* Exercise
Every record that follows should be copied exactly. No picture belongs in the copy.

== Given records ==

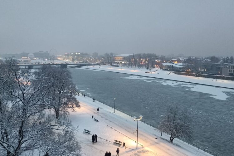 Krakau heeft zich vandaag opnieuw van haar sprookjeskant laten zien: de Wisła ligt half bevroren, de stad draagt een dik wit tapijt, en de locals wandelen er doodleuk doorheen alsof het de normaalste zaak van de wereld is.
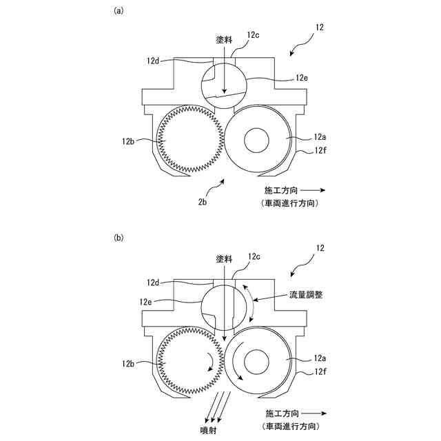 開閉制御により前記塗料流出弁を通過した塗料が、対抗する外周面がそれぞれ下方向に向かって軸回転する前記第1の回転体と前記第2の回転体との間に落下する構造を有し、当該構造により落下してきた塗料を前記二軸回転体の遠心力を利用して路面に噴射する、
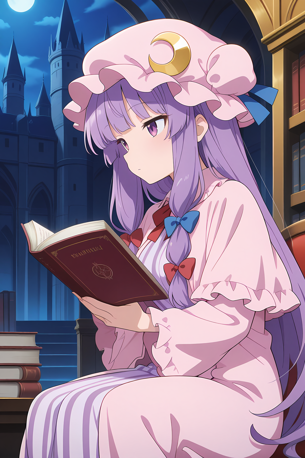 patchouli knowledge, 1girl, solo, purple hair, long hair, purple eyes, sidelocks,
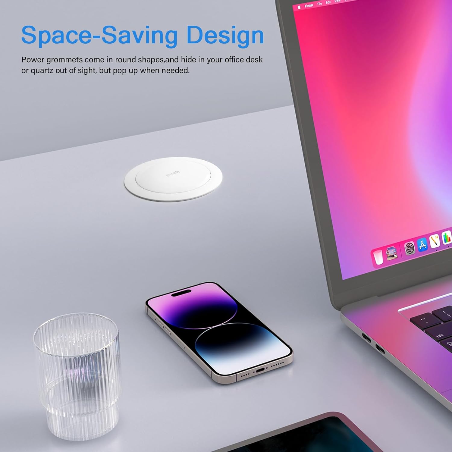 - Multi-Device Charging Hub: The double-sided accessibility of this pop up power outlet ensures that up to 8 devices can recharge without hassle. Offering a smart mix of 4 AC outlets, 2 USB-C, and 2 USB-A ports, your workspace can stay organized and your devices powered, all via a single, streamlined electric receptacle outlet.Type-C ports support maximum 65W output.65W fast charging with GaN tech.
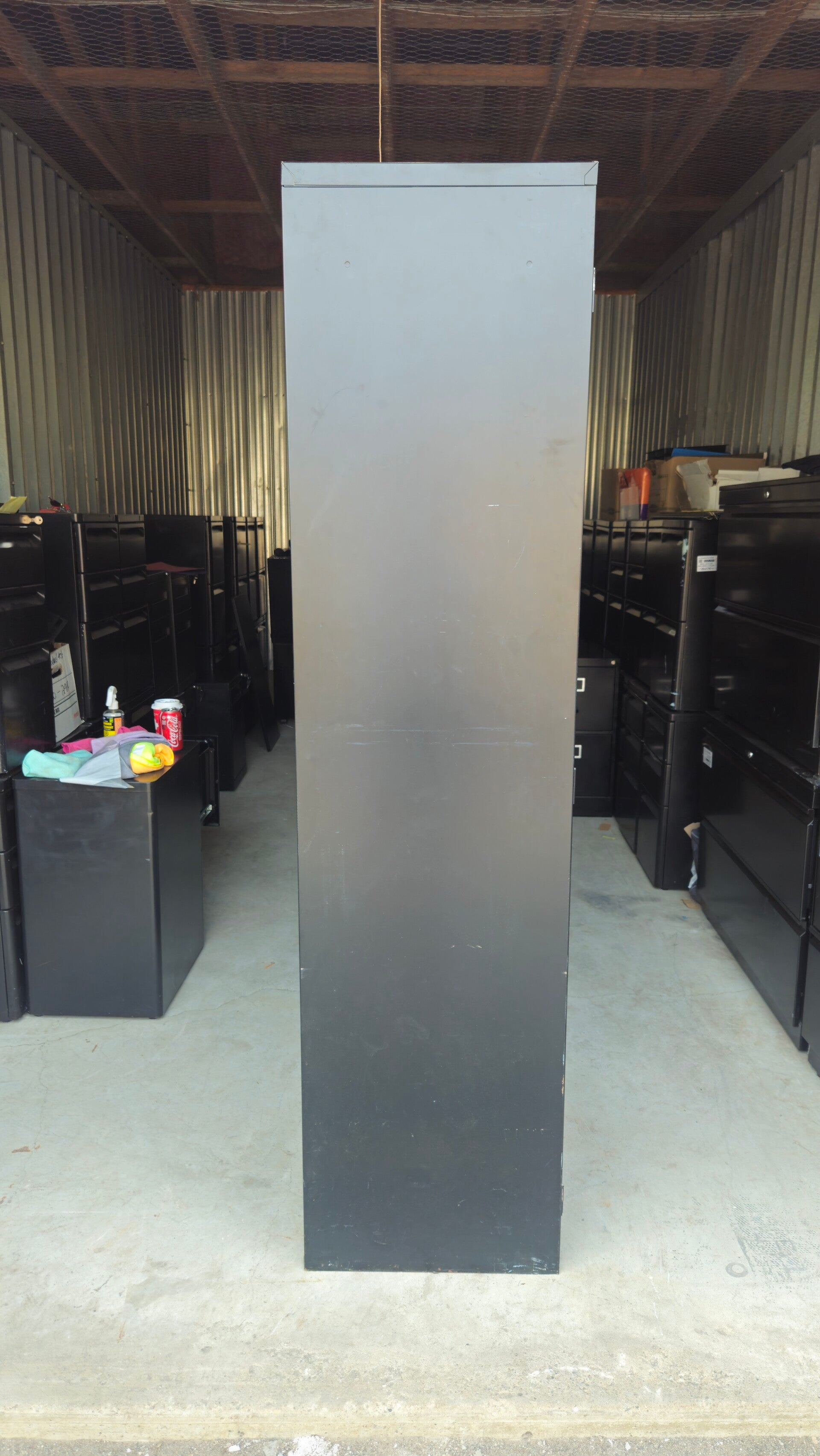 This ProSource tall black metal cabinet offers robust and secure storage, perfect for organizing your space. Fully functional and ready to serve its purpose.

===

* Response
 Krakau heeft zich vandaag opnieuw van haar sprookjeskant laten zien: de Wisła ligt half bevroren, de stad draagt een dik wit tapijt, en de locals wandelen er doodleuk doorheen alsof het de normaalste zaak van de wereld is.
 開閉制御により前記塗料流出弁を通過した塗料が、対抗する外周面がそれぞれ下方向に向かって軸回転する前記第1の回転体と前記第2の回転体との間に落下する構造を有し、当該構造により落下してきた塗料を前記二軸回転体の遠心力を利用して路面に噴射する、
 patchouli knowledge, 1girl, solo, purple hair, long hair, purple eyes, sidelocks,
 - Multi-Device Charging Hub: The double-sided accessibility of this pop up power outlet ensures that up to 8 devices can recharge without hassle. Offering a smart mix of 4 AC outlets, 2 USB-C, and 2 USB-A ports, your workspace can stay organized and your devices powered, all via a single, streamlined electric receptacle outlet.Type-C ports support maximum 65W output.65W fast charging with GaN tech.
 This ProSource tall black metal cabinet offers robust and secure storage, perfect for organizing your space. Fully functional and ready to serve its purpose.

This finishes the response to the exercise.